Select another free IP on your network for the API end point
…and now enter the start and end range for the kubernetes services
If you’re interested, you can check out the config options here and further descriptionm on what each setting does here: https://learn.microsoft.com/en-us/azure/aks/hybrid/aks-edge-deployment-config-json
Once you’ve saved the config file, go ahead to the PowerShell window that you opened via the AKSEdgePrompt.cmd
and run the following to start the deployment (assuming you are still in the tools directory in the repo):
New-AksEdgeDeployment -JsonConfigFilePath .\aksedge-config.json
If everything is in place, that should start the deployment
When prompted, choose whether you want to send optional or only required diagnostics data.
.. eventually it will complete…
Let’s prove we can use kubectl to talk to the API and get some info
kubectl get nodes -o wide
kubectl get pods -A -o wide
Cool, the base cluster is deployed :)
Something to be aware of:
In the repo’s tools directory, a file will be created called
servicetoken.txt
.Take care of this file as it is a highly-privileged token used to admin the K8s cluster. Make sure not to commit the file into your repo. You will need this token for certain activities later on.
Connecting AKS Edge Essentials to Azure Arc
The provided repo has some nice tools to help you get connected to Azure Arc, but we need to get some configuration information prior to running the scripts. To make it easy, here are some of the az cli
commands to get what you need.
az login
#optional - run if you have multiple subscriptions and want to select which one to use
az account set --subscription '<name of the subscription>'
#SubscriptionId
az account show --query id -o tsv
#TenantId
az account show --query tenantId -o tsv
edit the aide-userconfig.json
file from the tools directory
Change the following parameters using the values captured
There’s no indication inn the docs whether to change the AKSEdgeProduct from K3s to K8s. I did - ‘just in case’
Go ahead and name your resource group, service principal and region to deploy to. If the resource group and service principal do not exist, the deployment routine will create them for you. In the case of the service principal, it will assign contributor rights to the resource group scope.
Once the config file is saved, we’re ready to setup Arc.

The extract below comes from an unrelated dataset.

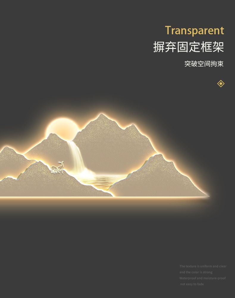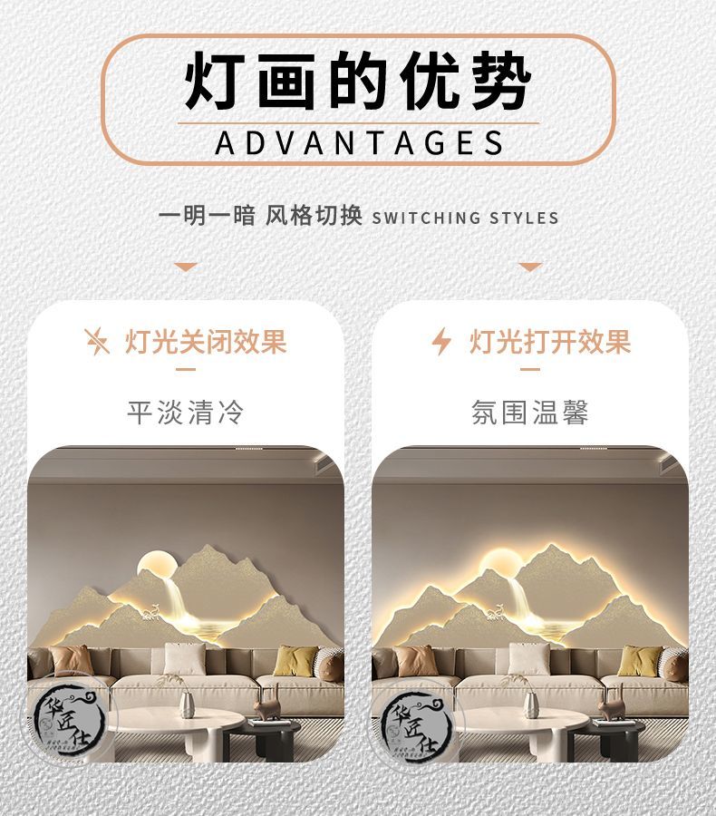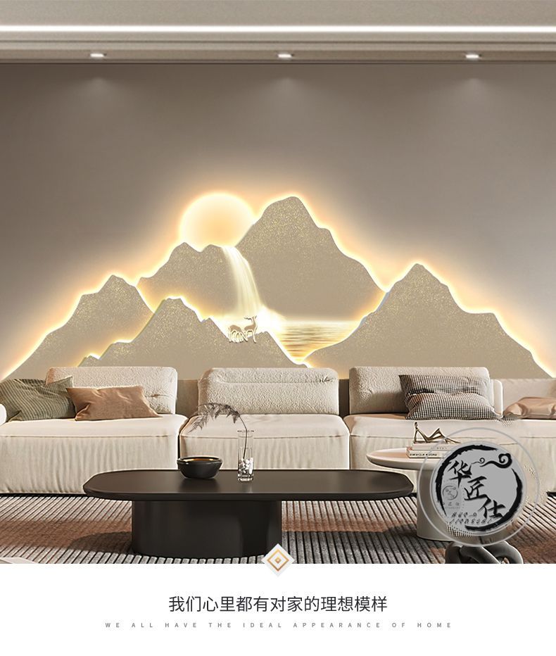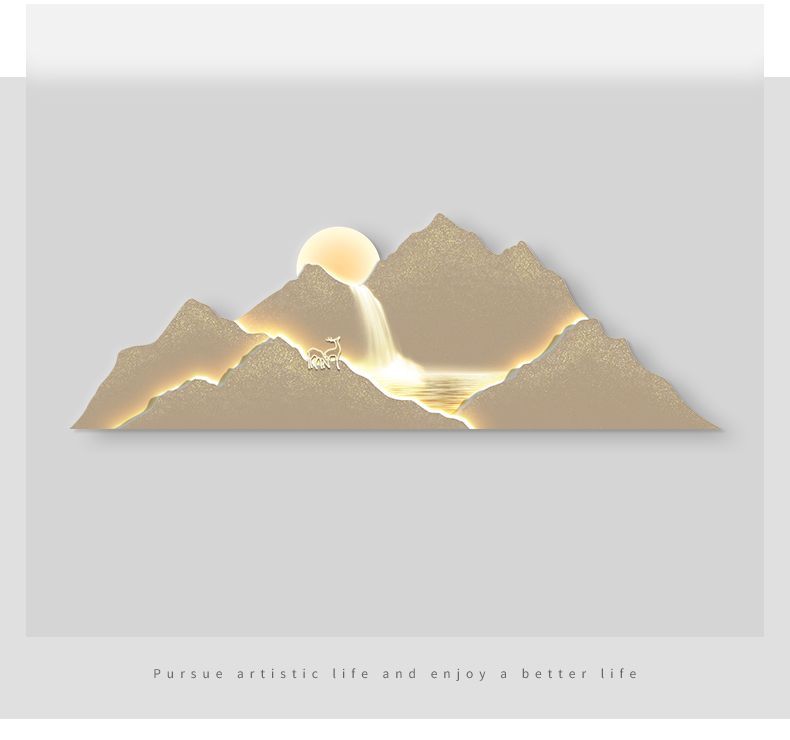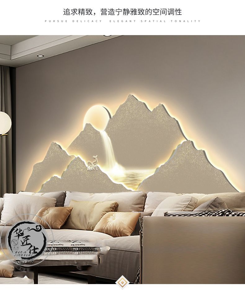 背有靠山客厅装饰画轻奢大气沙发背景墙挂画金山发光高级感壁灯画

From the PowerShell window, I decided to move to the root of the repo (not tools as previous), and ran the following command to setup the resource group, service principal permissions and role assignment:
.\tools\scripts\AksEdgeAzureSetup\AksEdgeAzureSetup.ps1 .\tools\aide-userconfig.json -spContributorRole
A warning is shown that the output includes credentials that you must protect. If you open the
aide-userconfig.json
you’ll notice it is populated with a service principal id and corresponding password created when the script was run.
If you want to test the credentials, run the following:
.\tools\scripts\AksEdgeAzureSetup\AksEdgeAzureSetup-Test.ps1 .\tools\aide-userconfig.json
To test the user config prior to initialization:
Read-AideUserConfig
Get-AideUserConfig
Time to initialize…
Initialize-AideArc
…and now to connect…
Connect-AideArc
Once complete, we can check the Azure portal to see that that the Arc resources are present in the resource group I specified in the config file. There will be one entry for ‘Server’ (my laptop) and another for Kubernetes
Select the Kubernetes - Azure Arc resource and then select ‘Namespaces’.
We need to paste the service token that is created when Connect-AideArc
is run. This is located in .\tools\servicetoken.txt
Paste it in the Service account bearer token field.
You’ll now be able to query resources in your cluster.
All in all, the tools and scripts developed for AKS Edge Essentials work really well and I didn’t come across any issues. It bodes well for when it moves to GA.
Next steps for me are to investigate further scenarios and see what I can do on the platform.